> [EXERCISE] Copy out the full listing exactly, omitting any picture it contains.

> [DATA PROVIDED]
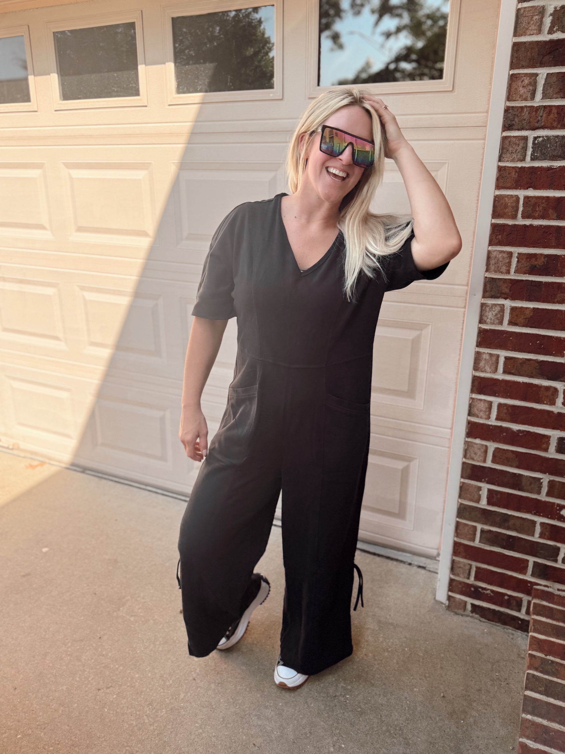 Crafted from a buttery-soft washed cotton fabric, this piece features a relaxed yet flattering fit with a V-neckline, zip-up back, roomy pockets, and adjustable cinch cuffs at the ankles for a custom vibe. Whether you’re dressing it up with boots or keeping it casual with sandals, this jumpsuit is your throw-on-and-go fave
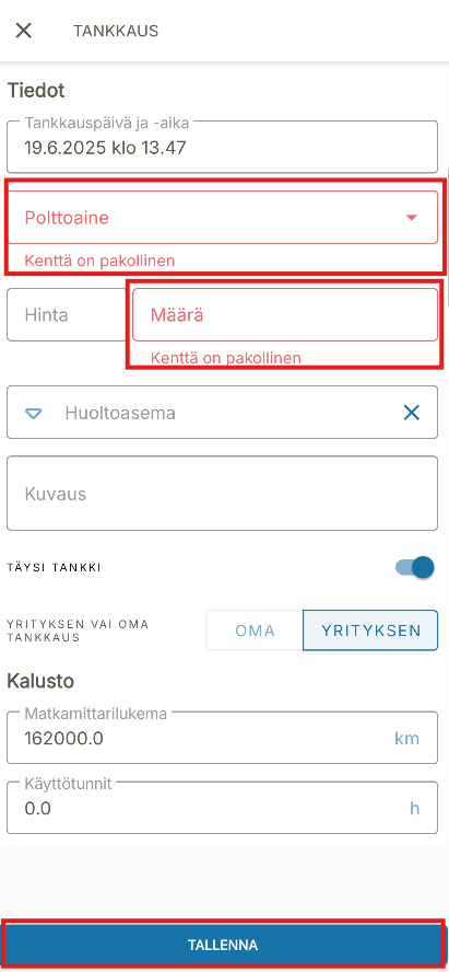 Ohjeistus tankkauksen lisäämisestä kun et ole kirjautunut kalustoon
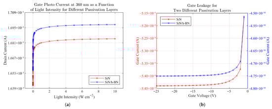 To investigate the effect of gate passivation on both optical responsivity and leakage current suppression, two device variants were simulated with identical structural and doping parameters. The first configuration employed a conventional single-layer SiN passivation of 60 nm thickness, while the second replaced the lower 10 nm portion of the SiN layer with h-BN, forming a conformal interface across the central region and along the vertical sidewalls of the embedded p-GaN as illustrated in

> [REPLY]
 Crafted from a buttery-soft washed cotton fabric, this piece features a relaxed yet flattering fit with a V-neckline, zip-up back, roomy pockets, and adjustable cinch cuffs at the ankles for a custom vibe. Whether you’re dressing it up with boots or keeping it casual with sandals, this jumpsuit is your throw-on-and-go fave
 Ohjeistus tankkauksen lisäämisestä kun et ole kirjautunut kalustoon
 To investigate the effect of gate passivation on both optical responsivity and leakage current suppression, two device variants were simulated with identical structural and doping parameters. The first configuration employed a conventional single-layer SiN passivation of 60 nm thickness, while the second replaced the lower 10 nm portion of the SiN layer with h-BN, forming a conformal interface across the central region and along the vertical sidewalls of the embedded p-GaN as illustrated in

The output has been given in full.